I can see the potential, but I also got lost in the sidebar. The capability to include and query documents and notes is powerful and I liked the way in which you captured the summary of information. Appreciate the complementary credits because I burned a lot of them attempting to get it to do what I wanted it to. Would love some quick info around using indexes successfully, it is taking a lot of trial and error and when the AI begins to fall over itself I have to start clean, losing my cartridges. Just first experience, but I really feel that you are on-to something here. The composability is something unique.
hey CA! So I made a little click through tutorial, you definitely also shouldn't be losing the cartridges, but maybe if you're doing them on the home page? Might be something I've missed too.
This video is a bit longer but people have seemed to click with it - https://www.youtube.com/watch?v=MM9pSd8ADuQ
maybe because it was my first draft for the 'marketing' video, but my wife was like 'you can't use any of this' - but as a walkthrough its maybe pretty legible.
Aside from that would be more than happy to jump on a call and walk through, I also feel like I'm on to something and sort of grappling through the relationships / data types, but then also the UX.
There's definitely a few tips and tricks I can give and I'd like to verify no unexpected behaviours. But also just watching someone use it / get a sense of where the friction and flow is I find very helpful.
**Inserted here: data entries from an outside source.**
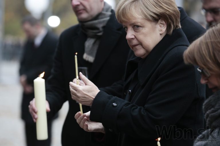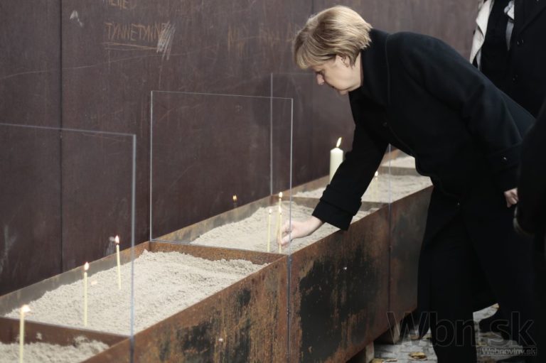 Nemecká kancelárka Angela Merkelová umiestňuje zapálenú sviečku na pamiatku obetí Berlínskeho múru pri príležitosti osláv jeho pádu, Nemecko, 9. Nov., 2014. Foto: SITA/AP
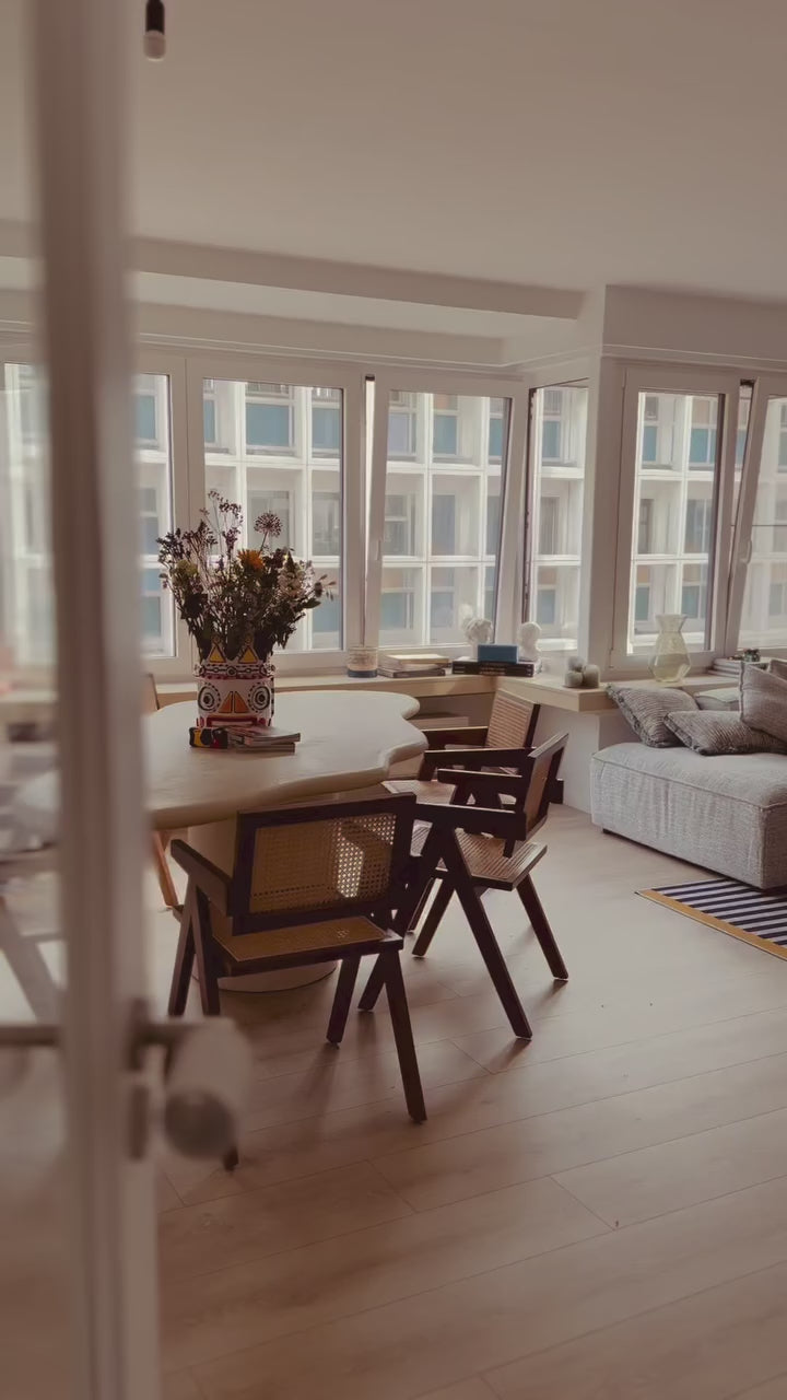 Tamamen el yapımı microcement malzemesi, pürüzsüz ve doğal bir doku sağlar. Yemek odanızda veya toplantı alanınızda benzersiz ve sanatsal bir odak noktası oluşturur.
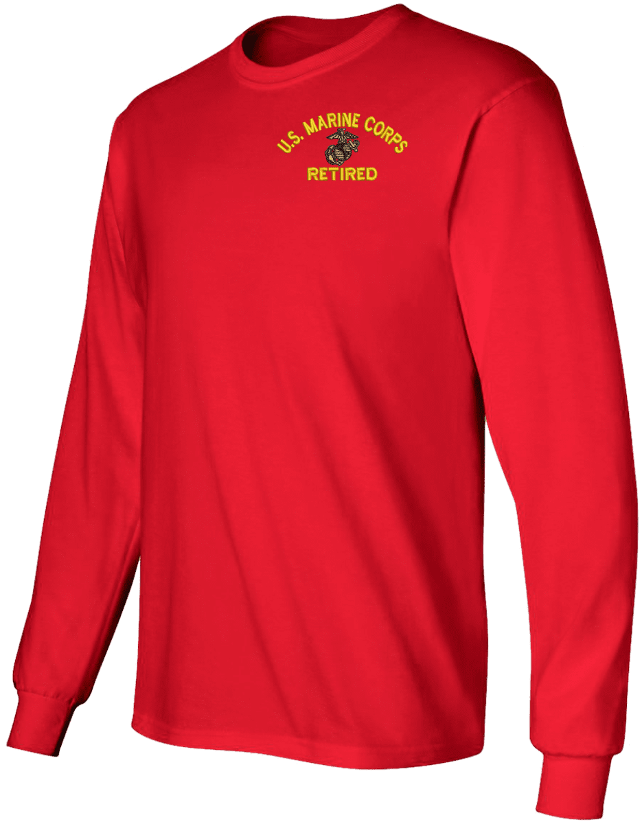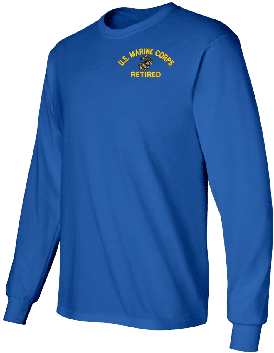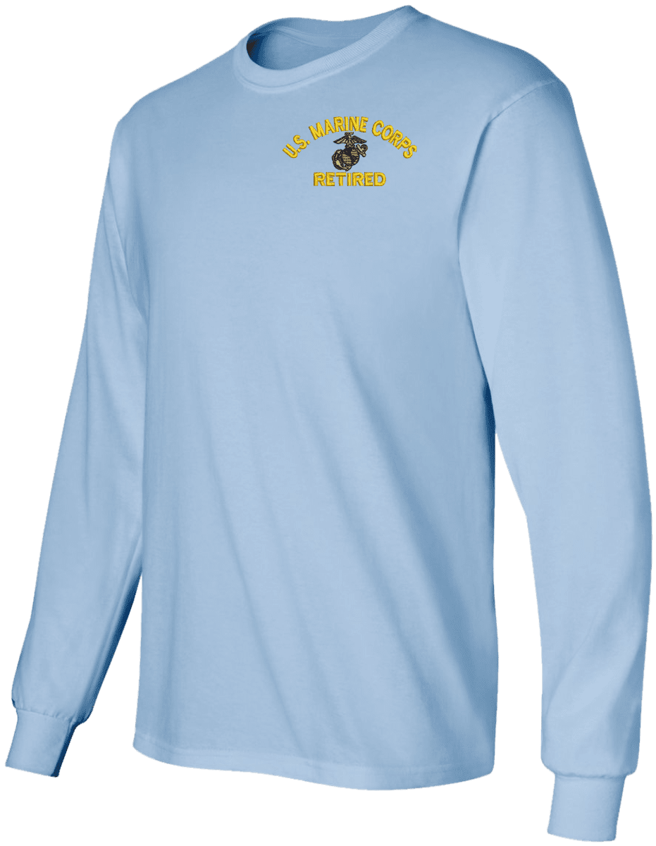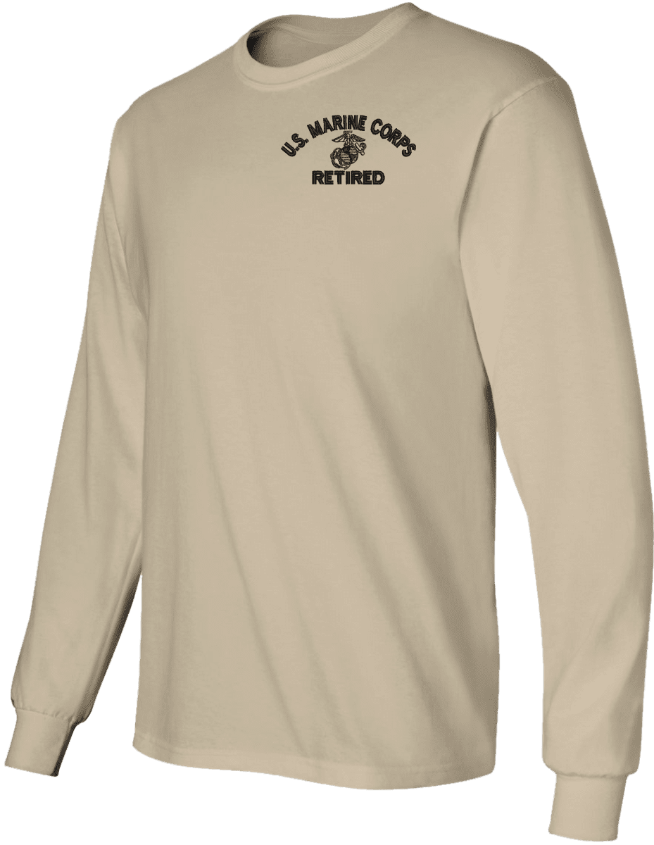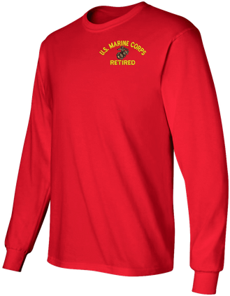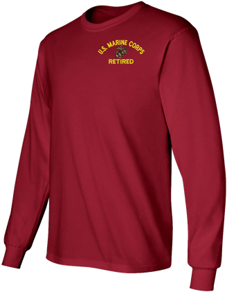 Note: Some of the Color Options pictured may not be available. Available Color Options are listed on the drop down menu above.MilitaryBest has expanded its line of apparel with this custom embroidered U.S. Marine Corps Eagle Globe and Anchor Retired Long Sleeve T-Shirt. This Gildan brand long sleeve t-shirt is made using a 6 oz pre-shrunk 100% cotton material. This U.S. Marine Corps Eagle Globe and Anchor Retired Long Sleeve T-Shirt will make an excellent addition to your wardrobe or a quality gift. This U.S. Marine Corps Eagle Globe and Anchor Retired Long Sleeve T-Shirt is custom embroidered at our facilities in Scottsboro, Alabama.

If you're up for it, email me me@samueltate.com, I can top up your cookie jar so to speak if the tokens are going quick, and you're really helping me out with that type of feedback.
Thanks!
this looks awesome! I have had my head in a similar space for a while and have been building some general purpose tooling for AI interactions and streaming it https://www.youtube.com/live/znCMrtOcjb0?feature=share. It would be awesome to chat with you if you have time/are interested. Shoot me an email at chris@breadchris.com
for sure - just subscribed and sent you a quick email to get in the inbox :)
I asked it a simple question about an address on Google maps and it couldn't answer
So it doesn't have any knowledge outside of what GPT would have, or what you add using the embedding / notes tools. I would however like to add search and the kind of functionalities you'd expect with the plugins, but want to get the baseline idea rock solid first.
But does it start nearly every reply with "As an AI language model…"?
If you're hearing that you're hitting the safety rails so obviously any dicey content but also anything tied to like it having personhood, feeling or lived experience.
I've actually got a modifier prompt on my Nova instance that is like 'when sam says how are you feeling, he is asking for a general assesment, provide an equivelant in terms of your analysis of the situation'
I'll make ideally a local client running llama (thats my goal) so people can apply the nova pattern to local and open source, where you haven't had that training. My thinking is the 'agent' can span multiple data sources (eg local and cloud records) and multiple model types and sources. (Kinda like your mind has multiple streams of function and you are a wrapper for their coordination).